For the 23rd week of 2022 as part of Wandering Through the Shelves' Thursday Movie Picks. We go into the world of shopping malls as I’m sure for anyone here from the 1980s and 1990s would definitely remember those places even though they’re on their way out. Even here in Smyrna, GA as Cumberland Mall, which was once a great place filled with so many cool things, is now a shithole. Here are my three picks:
1. Mallrats Though it was maligned upon its initial release in late 1995 more than a year after Kevin Smith broke through with his debut film Clerks the year before. It is a film that deserve its cult status as it play into two slackers dealing with girl issues as they spend much of their time at a mall. There’s some hilarious moments including a gag involving Kevin Smith’s Silent Bob character trying to use Jedi mind tricks or flying where he would get a look at a topless Joey Lauren Adams or Ethan Suplee trying see what’s in the Magic Eye painting. Add a great cameo from Stan Lee and a topless Priscilla Barnes with a third nipple, it is a joy to watch as it also features an early appearance from frequent Smith collaborator Ben Affleck.
2. Paul Blart: Mall Cop While it is mainly Die Hard in a mall with a fat security guard with hypoglycemia, it is still a fun and entertaining film in which the titular character is really a good guy who works his ass off. It is a film that doesn’t take itself seriously with Kevin James delivering a solid performance as the titular character who just tries to make the mall safe during the Thanksgiving holidays until a bunch of thieves come in to try and steal some money but they have to deal with Paul Blart. He maybe the underdog in this scenario but he’s got a lot of heart and if he’s carrying some sugar. He will be a powerhouse. This was a film not well-received by many critics but it did get a nice praise from the late, great Roger Ebert.

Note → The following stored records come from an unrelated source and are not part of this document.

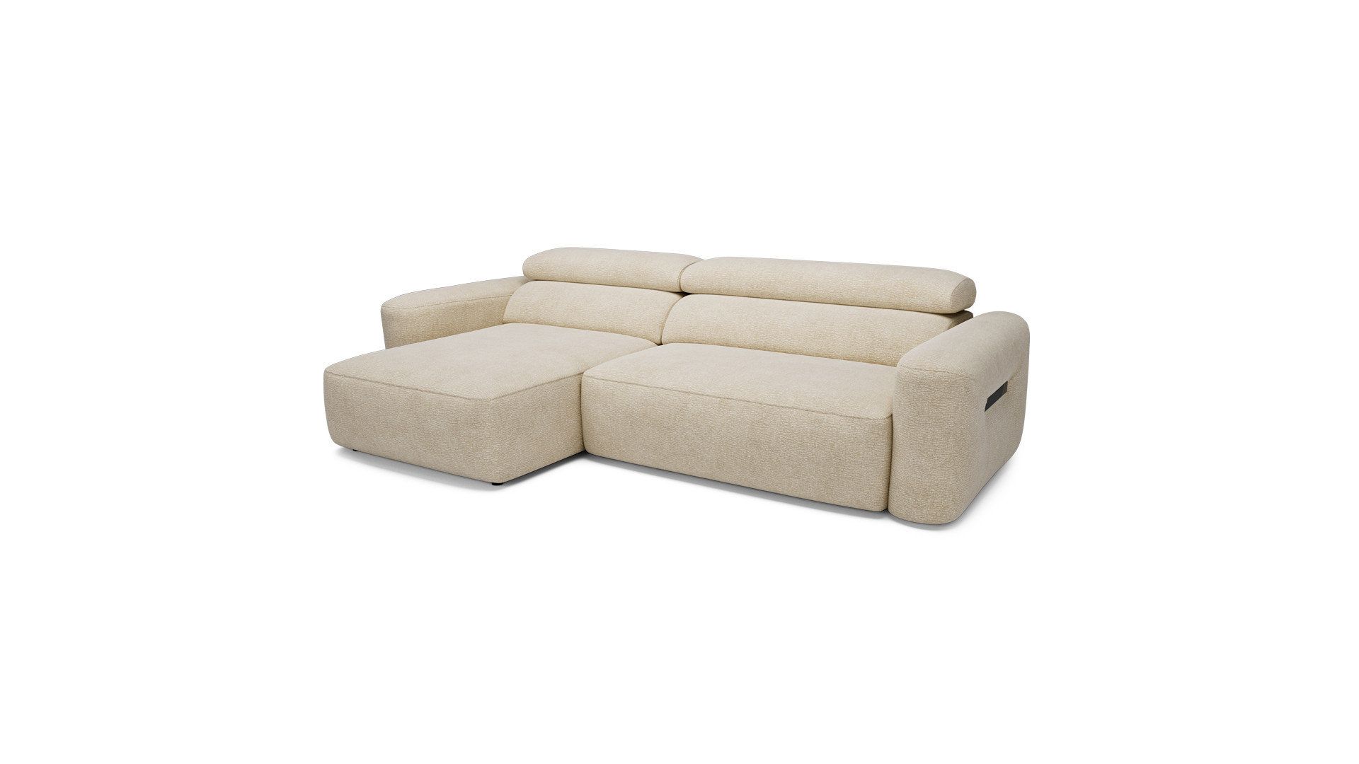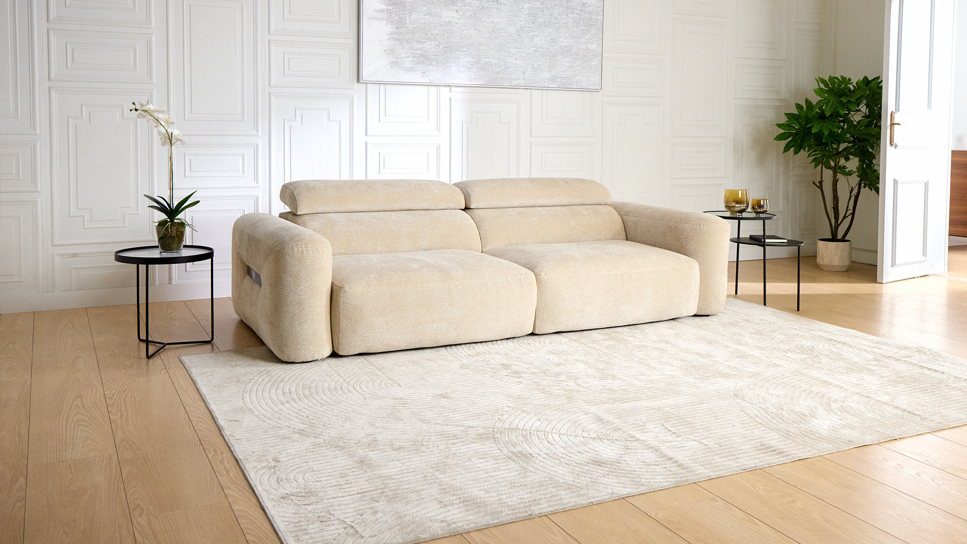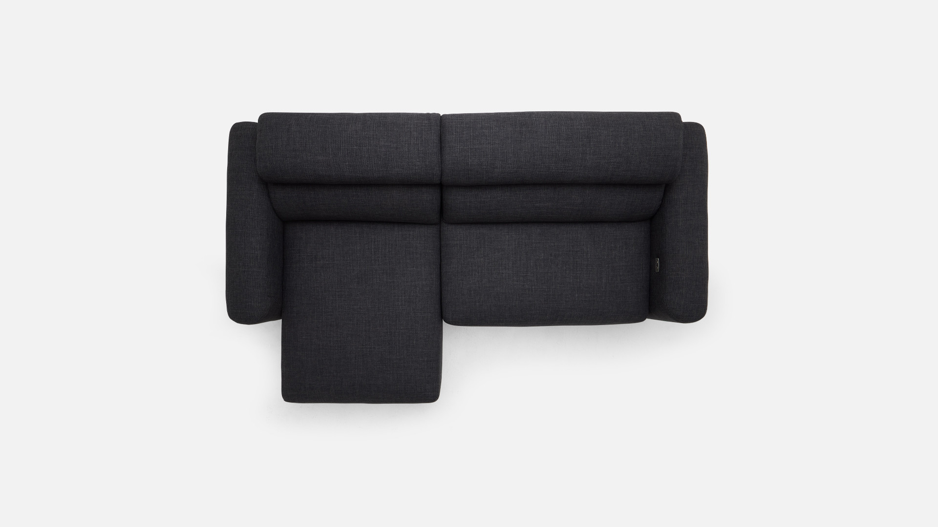 Révélation est un canapé où toute la famille peut s’allonger devant ses séries préférées et qui se replie sans effort pour libérer l’espace. Sa grande assise motorisée s’étend de 50 cm jusqu’à la chaise longue, formant un vrai lit d’appoint à offrir à vos invités.
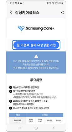 Samsung Members앱 > 혜택 > 삼성케어플러스 상품 가입하기 > 동의하기 > 월 이용료 결제 유상상품 가입 > 가입하기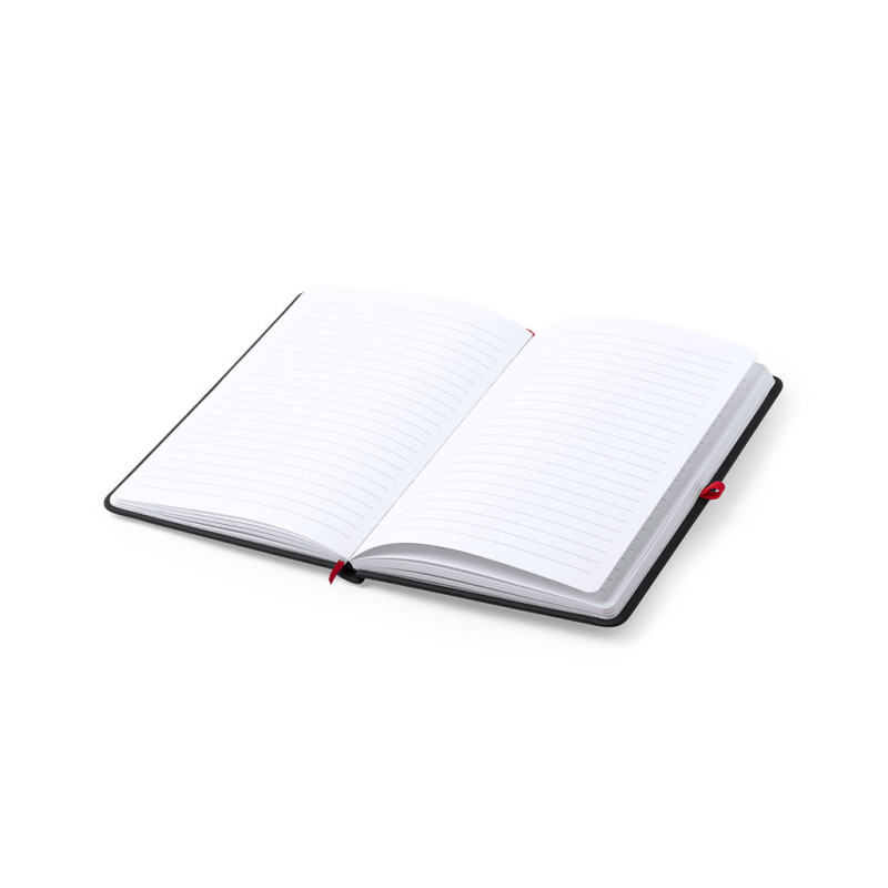 Bloco de notas com capas em PU de toque suave. Na elegante cor preta, com elástico, marcador e suporte elástico para caneta em cores vivas. Revestimento externo especialmente projetado para marcação a laser, com o qual poderá obter a publicidade ou marca perfeitamente gravada em cores a combinar com a do artigo. Inclui 100 folhas pautadas.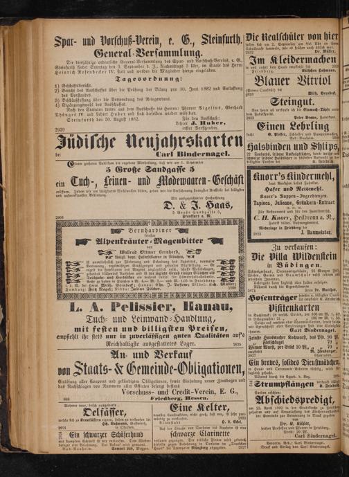 empfiehlt ihr stets nur in zuverlässigen guten Qualitäten auf's Reichhaltigste ausgestattetes Lager. 2625

3. Observe and Report Jody Hill’s mall cop comedy about an unstable young man who is trying to apprehend a flasher while also trying to win over a bitchy make-up counter worker is a film that has some good moments. Yet, it tries too hard to be a lot of things with Hill wanting to be a funny version of Taxi Driver (which is really King of Comedy) where he does succeed in a few moments thanks in part to Seth Rogen’s performance as well as a great supporting turn from Michael Pena as his partner. Still, it is an uneven fare that doesn’t do much for its ensemble cast despite some solid supporting work from the late, great Ray Liotta.